_EXERCISE OBJECTIVE_
The line with "В этом разделе" through the last line of the entries: give these again exactly, and only these, without any pictures.
··· EXERCISE DATA
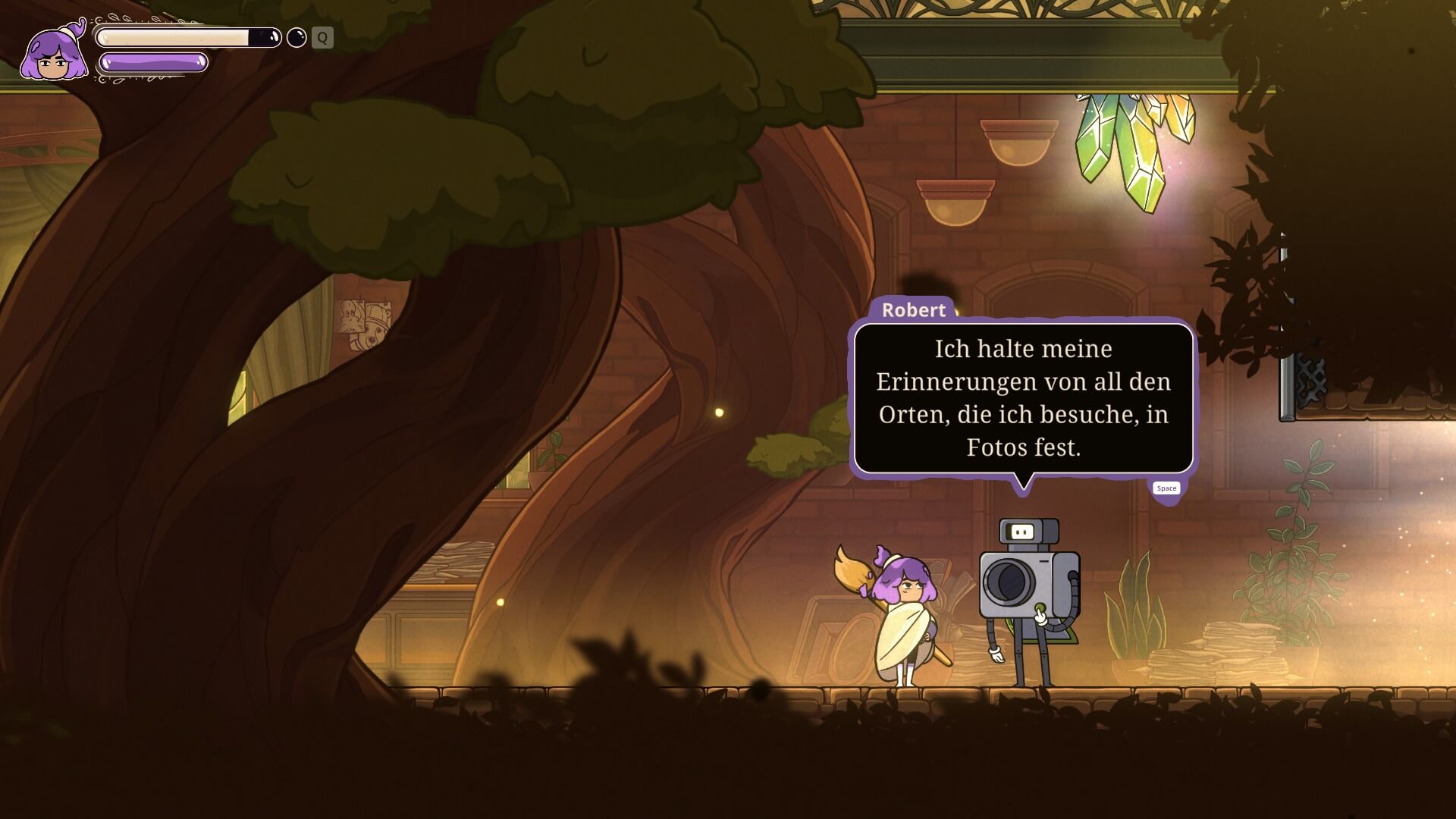 Dort angekommen teilt ihr der Bürgermeister jedoch mit, dass der Express außer Betrieb ist, da er von magischen Fäden festgehalten wird. Also macht sich Constance auf die Suche nach einer Lösung durch die verworrenen Gänge und Hindernisse. Dabei verarbeitet sie seelische Traumata wie Depressionen, Burnout und Angststörungen. Diese kommen vor allem in den Zwischensequenzen zum Tragen, daher hier eine Warnung an euch, falls euch solche Themen belasten.
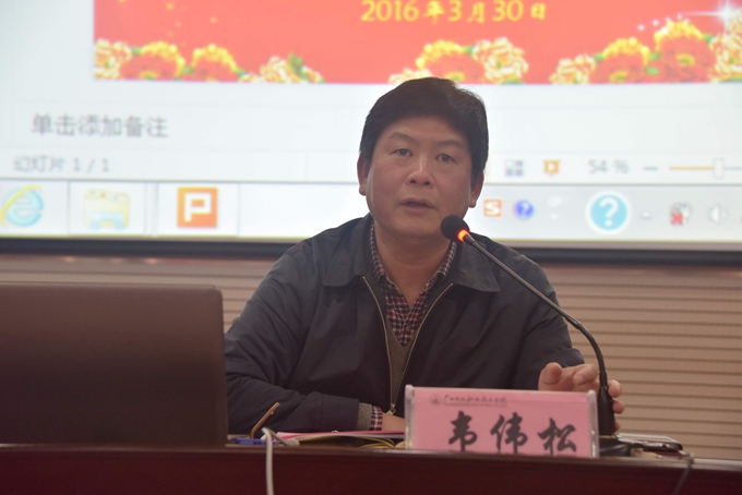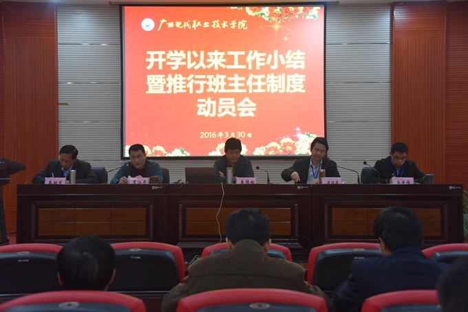 党委宣传部讯 3月30日,我院在第二学术报告厅召开开学以来工作小结暨推行班主任制度动员会。学院党委书记韦伟松、院长黄绍光出席会议并作重要讲话。纪委书记冉景峰、副院长韦胜东及全体教职工参加会议。会议由学院党委副书记霍江华主持。
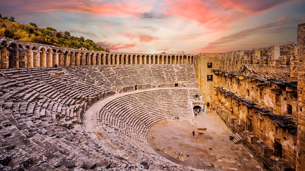 M.S. 2’nci yüzyılda inşa edilen tiyatro, 15 bin kişilik kapasitesiyle dönemin en büyük kültür yapılarından biriydi. Bugün hala orijinal akustiğini koruyor; sahnede yapılan en küçük konuşma bile üst basamaklardan duyulabiliyor. Depremler ve iklim etkilerine rağmen yapının büyük bölümü hala capcanlı duruyor.
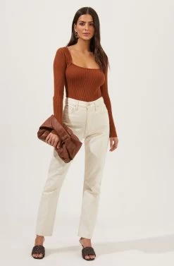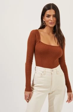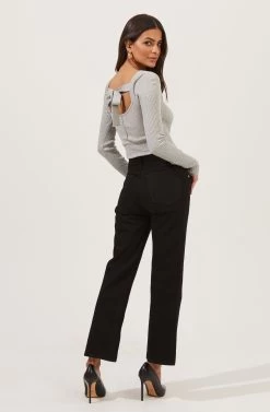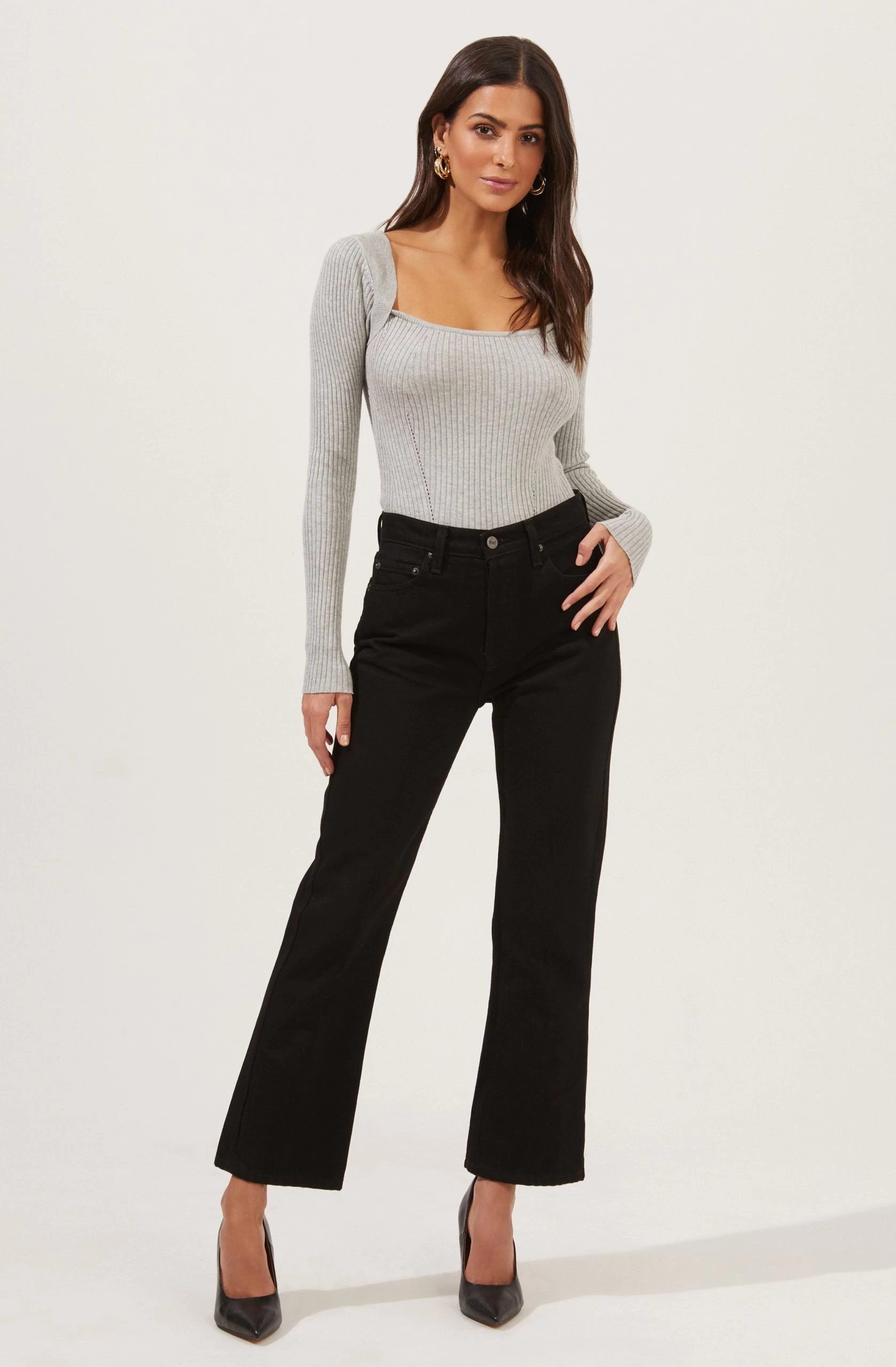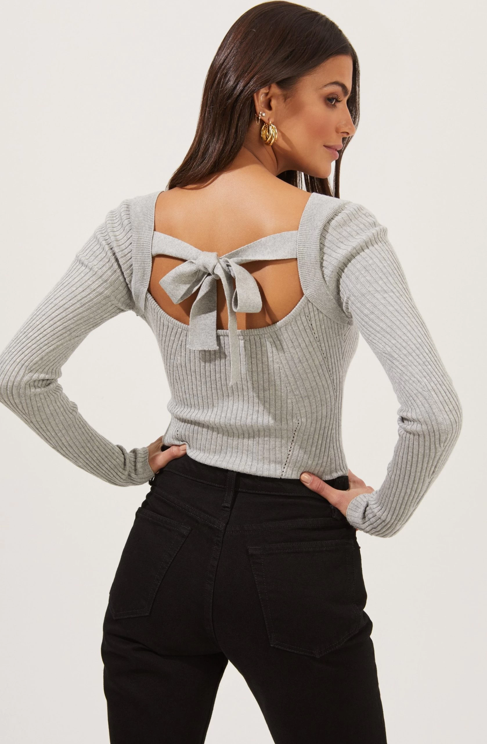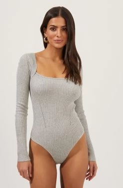 This knit bodysuit features a square neckline. Cutout back features a tie back accent. Long sleeves. Attached bottoms have snap button closures.
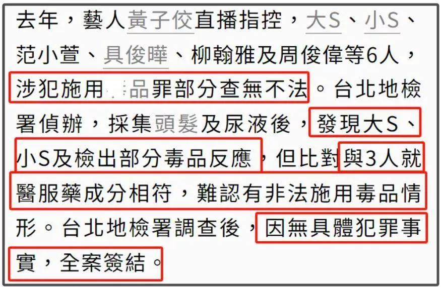 结果黄子佼先爆料的大小S吸毒,没被要求赔偿。后来跟着爆料的葛斯齐却好像成了两姐妹洗白的工具,告葛斯齐胜诉之后,大小S主动做了检测,最后结果是两姐妹检出药物反应,但和就医服药成分相符,难认有非法施用的情形,两人的吸毒丑闻也就到此为止了。
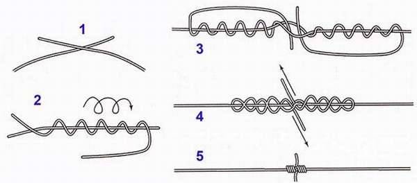 В этом разделе мы представим инструкции, как привязать леску к леске. Мы дадим самые популярные соединения, которые хорошо показывают себя на практике уже много лет. К каждой инструкции приложены схемы правильного вязания, потому что по одному описанию ориентироваться труднее. Начнём с самых простых узлов.
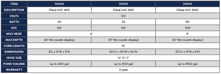 The Filtral UVC 400 has a 5W UVC, a maximum head of 4’ and a 15’ power cord. It has dimensions of 8”L x 9”W x 5’H, a pond volume of up to 400 gallons and a 2-year warranty. The Filtral UVC 400 has a light fish load of less than 400 gallons and a medium fish load of less than 200 gallons.
······
_SOLUTION_
 В этом разделе мы представим инструкции, как привязать леску к леске. Мы дадим самые популярные соединения, которые хорошо показывают себя на практике уже много лет. К каждой инструкции приложены схемы правильного вязания, потому что по одному описанию ориентироваться труднее. Начнём с самых простых узлов.
 The Filtral UVC 400 has a 5W UVC, a maximum head of 4’ and a 15’ power cord. It has dimensions of 8”L x 9”W x 5’H, a pond volume of up to 400 gallons and a 2-year warranty. The Filtral UVC 400 has a light fish load of less than 400 gallons and a medium fish load of less than 200 gallons.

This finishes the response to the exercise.